Travelling to this part of the country there was one central question to dig into; how does government and business interact, where there are a number of different stakeholders based regionally in different parts of the territory. One interesting aspect of the Northwest Territories is the fascinating intersection of politics and Aboriginal culture. Especially considering how the NWT government has been in the process of negotiating treaties with the different Aboriginal communities, it became clear that Aboriginal communities lie at the center of many things in this territory.
It was amazing to see just how much progress has been made on the front of Aboriginal rights recognition; especially in terms of interaction with the mining sector in particular and the private sector in general. Seeing Aboriginal communities empowered, interacting with large, multinational corporations to secure a deal beneficial to their community was a breath of fresh air. Working together with companies in the mining sector, Aboriginal businesses are booming, communities are getting investment and people are being employed. The inclusive approach of the NWT government plays a critical role in this formula.

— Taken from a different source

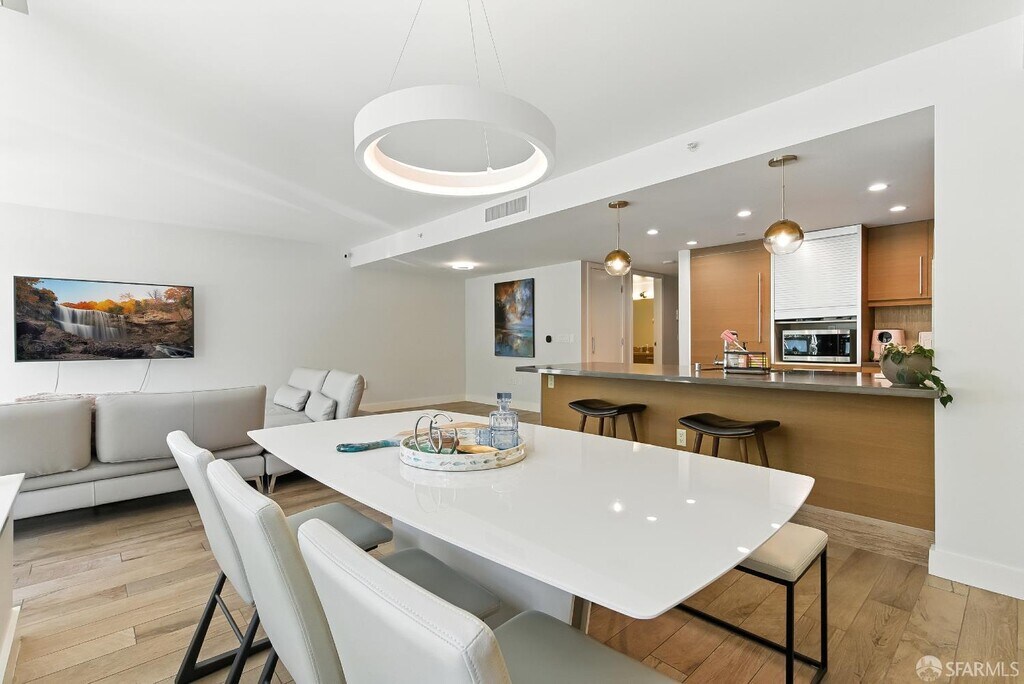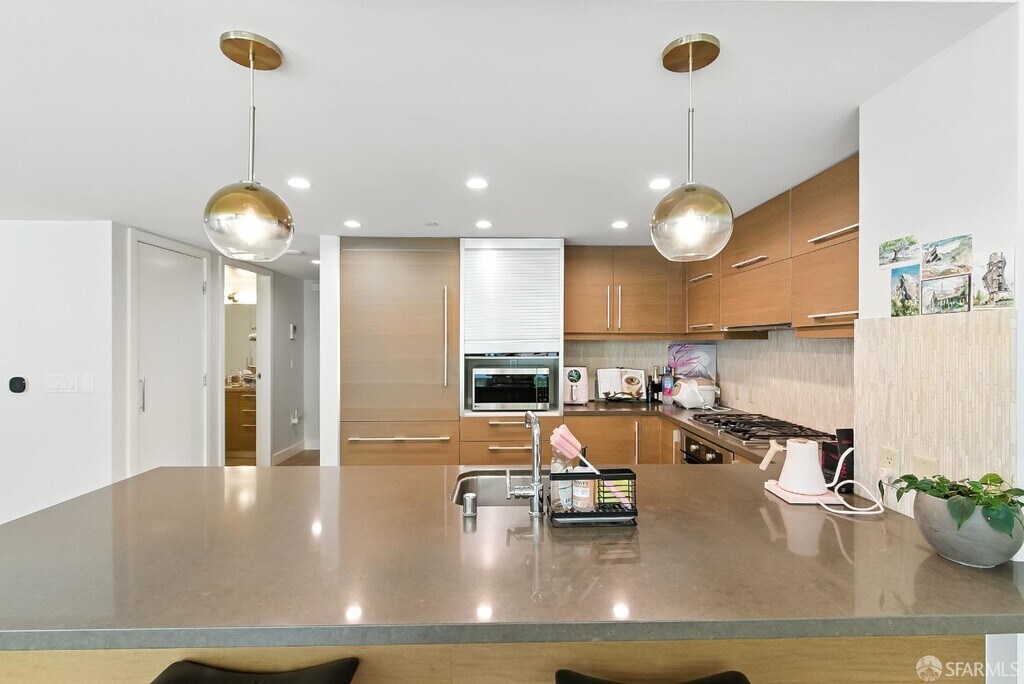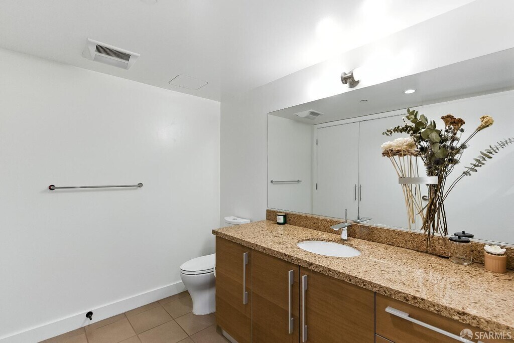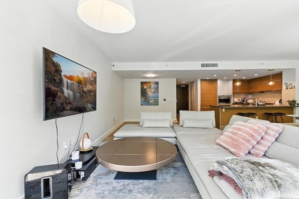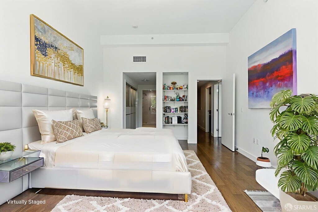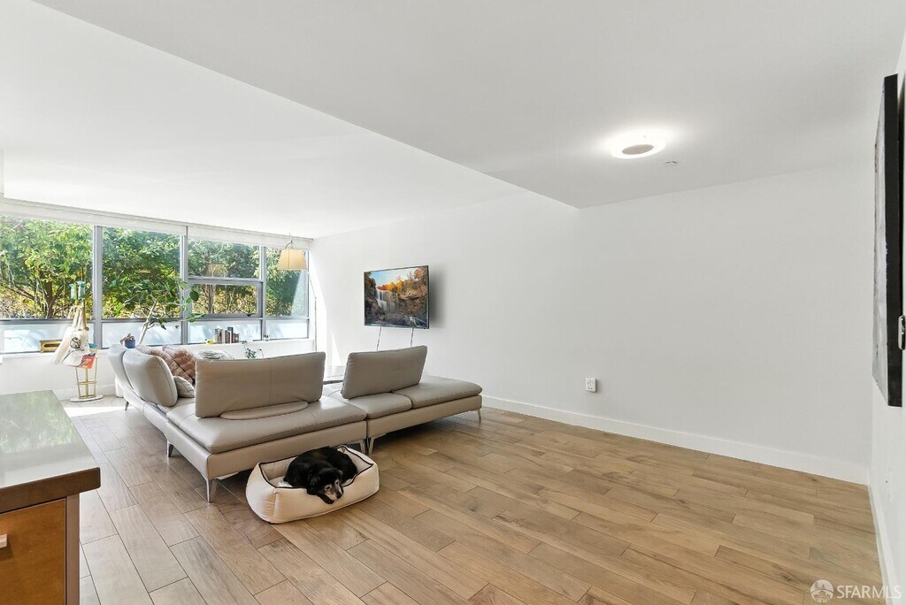 This rare 2 bed, 2.5 bath two-level condo at the Madrone offers approximately 1,635 square feet of modern living in one of Mission Bay’s premier luxury communities. With two private patios and a spacious floor plan, this residence blends comfort, style, and convenience in the heart of San Francisco’s vibrant waterfront neighborhood. Inside, soaring windows fill the home with natural light, while the open-concept kitchen is equipped with premium appliances including a Bosch stove, Bosch dishwasher, LG microwave, and Thermador fridge/freezer. Upstairs, the convenience continues with an in-unit LG stackable washer and dryer. Both bedroom suites are generously sized and include ample closet space. The primary bedroom includes an ensuite bathroom for added comfort and privacy. On the lower level, the half bathroom also features a large closet for extra storage — perfect for camping gear, boxes, suitcases, or sports equipment. Its open-layout, ground-floor quasi-townhome design with a private entrance combines the privacy and feel of a single-family home with the convenience of a full-service condominium building. The unit also comes with two custom built-in furniture pieces: a California Closet Murphy bed/desk/cabinet set and a Roche Bobois queen bed frame in the primary bedroom. Additional features include a mounted TV in the living room along with a Sonos base and sound bar system, as well as a central forced-air AC/heating system controlled by ecobee (Alexa compatible). Residents enjoy resort-style amenities, including a 75-foot heated lap pool, jacuzzi, fitness center, wet and dry sauna with shower/locker rooms, game room, private theater, BBQ pits, landscaped gardens, courtyard, conference rooms, and a resident lounge. Parking included. Utilities include water, garbage, compost, and recycling, while tenants pay for PG&E. Internet is currently provided free of charge via MonkeyBrains, though tenants may switch to another provider at their own expense. A floor plan is available upon request. Perfectly situated near Oracle Park, Chase Center, parks, restaurants, shops, and with easy access to freeways, this home offers the best of city living in a vibrant waterfront neighborhood. Available now. The home is offered as a one-year lease with the possibility to extend to two years. With its spacious floor plan, luxury finishes, resort amenities, and prime location, this residence stands out as one of the most desirable rental opportunities in Mission Bay.

The industry in focus is mining and mineral extraction. Not surprisingly, Northern Canada is one of the largest untapped mining areas in the world. With the first mine going into operation in early 1930s, the mining sector has essentially become the backbone of this territory. Not only does this sector provide valuable employment and important tax dollars into the NWT economy, but it also provides significant training, education, infrastructure, development and community benefits as well.
Currently, there are two mines in operation in the Northwest Territories; the Ekati and Diavik diamond mines. The current level of operation is by no means an indicator of the potential that this territory holds however. Exploration data indicates that there are at least 12 sites where mining of everything from gold, tungsten, cobalt, bismuth to rare earths and base metals can be established.
What was truly inspiring to see in the NWT was how well these mining giants have not only integrated into their communities, but the level of investment, support and commitment they provide to them. With a number of agreements signed between the sector and the government, as well as aboriginal communities on whose land they operate, mining giants are actually creating meaningful benefits in the region they operate. With each mining operation having signed a socio-economic agreement, the benefits to the communities is not only in terms of employment opportunities with generous salaries, but also in terms of scholarships for students, infrastructure investment in these remote areas, investment into social and community projects and many others. The Measuring Success document published jointly by BHP Billiton EKATI, Rio Tinto Diavik Diamond Mines and De Beers showcases just how the industry has helped to give shape to the territory and provided significant investment into its development.
With the rising demand for not only luxury items, but also base and alkali metals, the NWT is ripe for investment. The government is more than willing to open the doors to negotiations for any interested company. While the sector has had rough days recently, it is poised to rebound. What I’ve seen has made me a believer; the mining sector has done wonders for NWT development and especially for remote Aboriginal communities. I urge our readers to look more into this untapped region for business inspiration.